_To do_
Only the lines below between the one holding "肺炎です。3週間後退院。。。私とパパ交代で泊まりました。" and the one holding "LDNIO удлинитель сетевой", inclusive, are to be reproduced word for word; the pictures are to be left out.

_The records_
------------------------------------------------------------

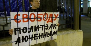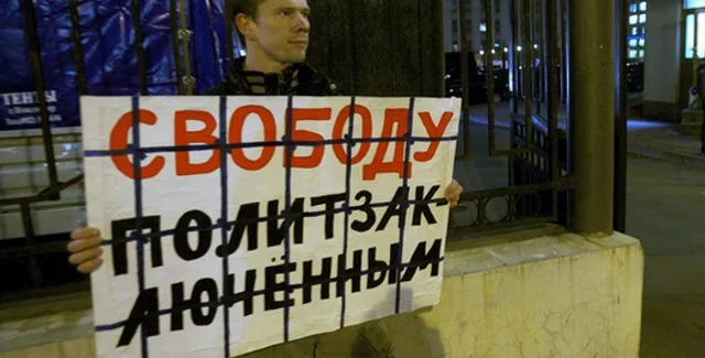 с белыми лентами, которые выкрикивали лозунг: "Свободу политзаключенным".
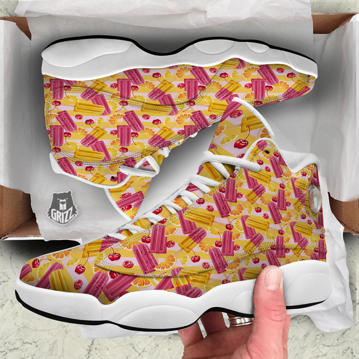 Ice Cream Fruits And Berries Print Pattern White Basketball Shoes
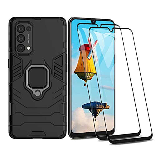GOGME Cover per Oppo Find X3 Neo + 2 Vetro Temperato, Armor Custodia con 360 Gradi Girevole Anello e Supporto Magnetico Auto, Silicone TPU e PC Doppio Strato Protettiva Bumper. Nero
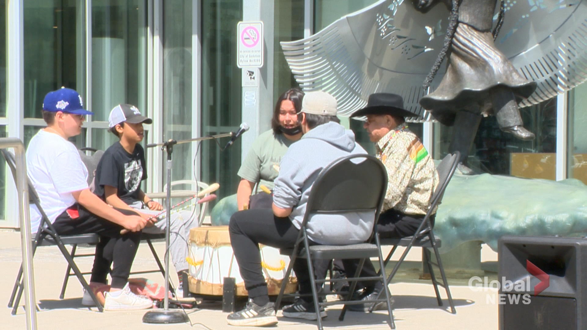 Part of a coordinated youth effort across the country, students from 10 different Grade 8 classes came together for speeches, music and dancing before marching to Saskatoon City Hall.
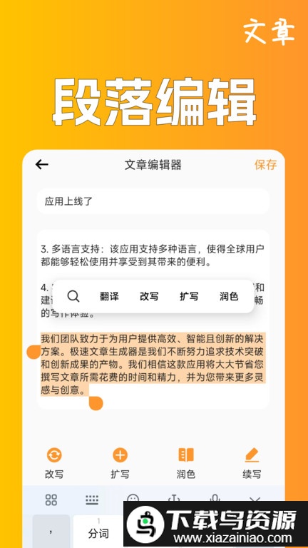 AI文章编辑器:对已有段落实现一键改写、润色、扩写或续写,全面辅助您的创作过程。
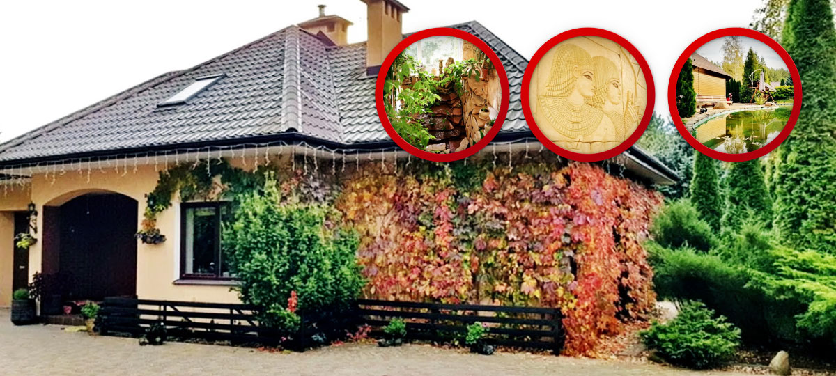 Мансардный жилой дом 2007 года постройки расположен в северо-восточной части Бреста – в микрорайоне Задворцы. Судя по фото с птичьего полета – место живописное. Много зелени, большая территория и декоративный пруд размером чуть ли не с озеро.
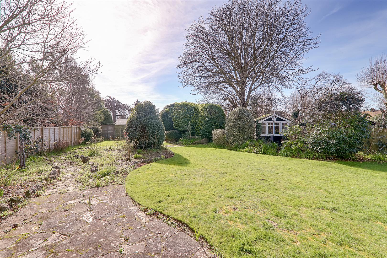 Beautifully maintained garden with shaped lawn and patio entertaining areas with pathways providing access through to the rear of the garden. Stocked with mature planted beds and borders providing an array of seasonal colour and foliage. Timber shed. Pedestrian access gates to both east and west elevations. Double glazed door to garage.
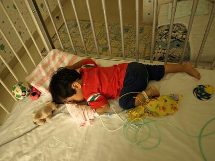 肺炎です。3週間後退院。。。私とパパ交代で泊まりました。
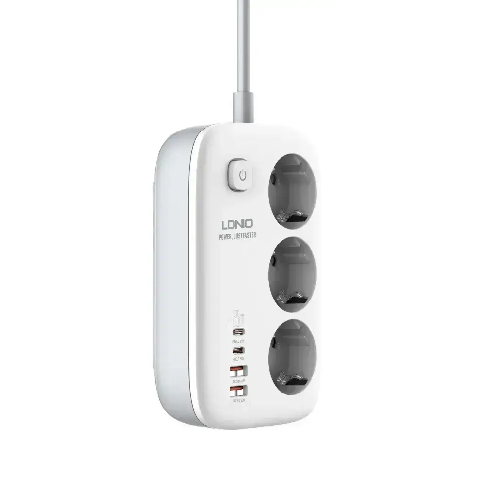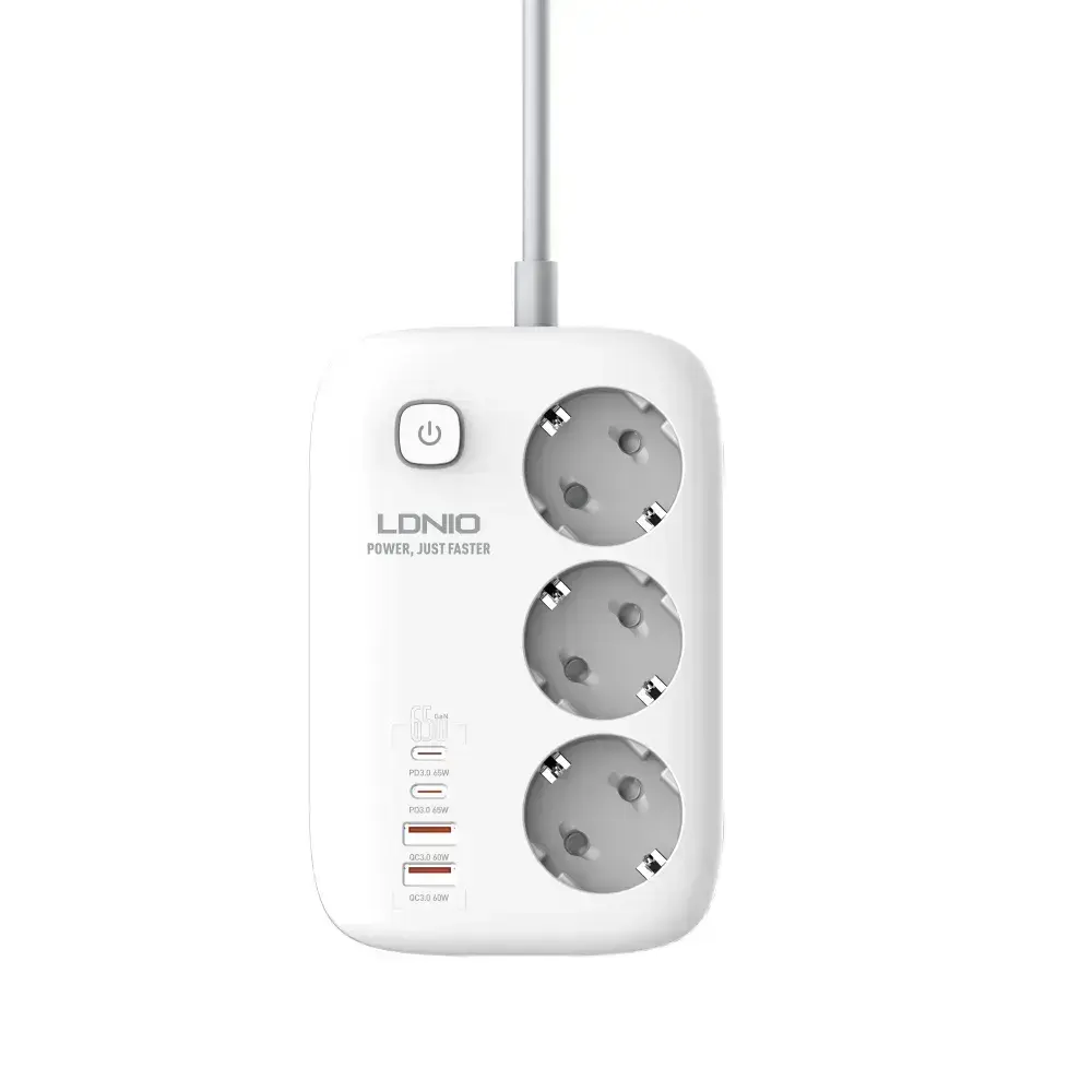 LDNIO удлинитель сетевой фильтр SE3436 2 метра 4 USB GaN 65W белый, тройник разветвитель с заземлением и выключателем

------------------------------------------------------------

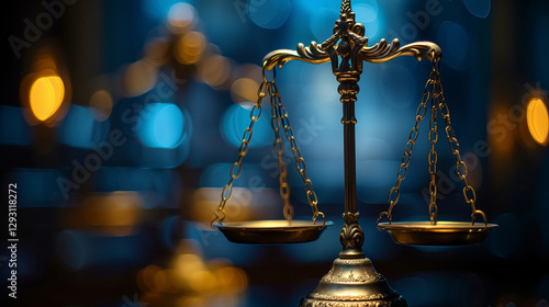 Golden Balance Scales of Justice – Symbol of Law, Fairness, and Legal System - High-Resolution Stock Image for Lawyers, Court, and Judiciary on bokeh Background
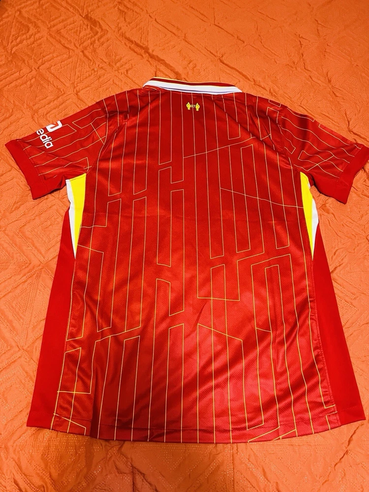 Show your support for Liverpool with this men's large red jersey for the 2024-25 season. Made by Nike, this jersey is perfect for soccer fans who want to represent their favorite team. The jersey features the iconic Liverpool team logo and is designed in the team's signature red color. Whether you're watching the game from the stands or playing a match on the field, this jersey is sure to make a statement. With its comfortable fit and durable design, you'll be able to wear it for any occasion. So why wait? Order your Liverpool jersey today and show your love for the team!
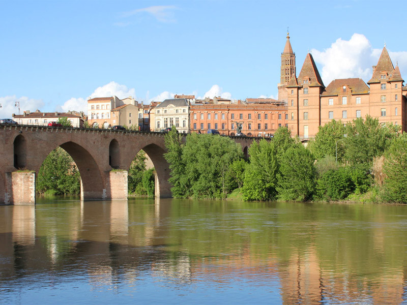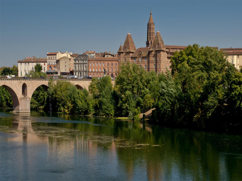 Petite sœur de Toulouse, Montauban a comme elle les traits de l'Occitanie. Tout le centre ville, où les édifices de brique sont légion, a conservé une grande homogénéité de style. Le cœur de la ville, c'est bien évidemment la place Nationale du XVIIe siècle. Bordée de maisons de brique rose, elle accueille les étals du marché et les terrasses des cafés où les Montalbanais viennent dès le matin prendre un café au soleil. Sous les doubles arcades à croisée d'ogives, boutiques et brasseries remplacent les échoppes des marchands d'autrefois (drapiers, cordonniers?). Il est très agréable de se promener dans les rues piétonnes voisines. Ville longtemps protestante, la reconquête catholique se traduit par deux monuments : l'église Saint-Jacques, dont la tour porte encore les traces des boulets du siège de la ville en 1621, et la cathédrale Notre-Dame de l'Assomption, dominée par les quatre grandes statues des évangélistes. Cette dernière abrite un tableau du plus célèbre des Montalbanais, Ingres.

------------------------------------------------------------

_Output of the exercise_
 肺炎です。3週間後退院。。。私とパパ交代で泊まりました。
 LDNIO удлинитель сетевой фильтр SE3436 2 метра 4 USB GaN 65W белый, тройник разветвитель с заземлением и выключателем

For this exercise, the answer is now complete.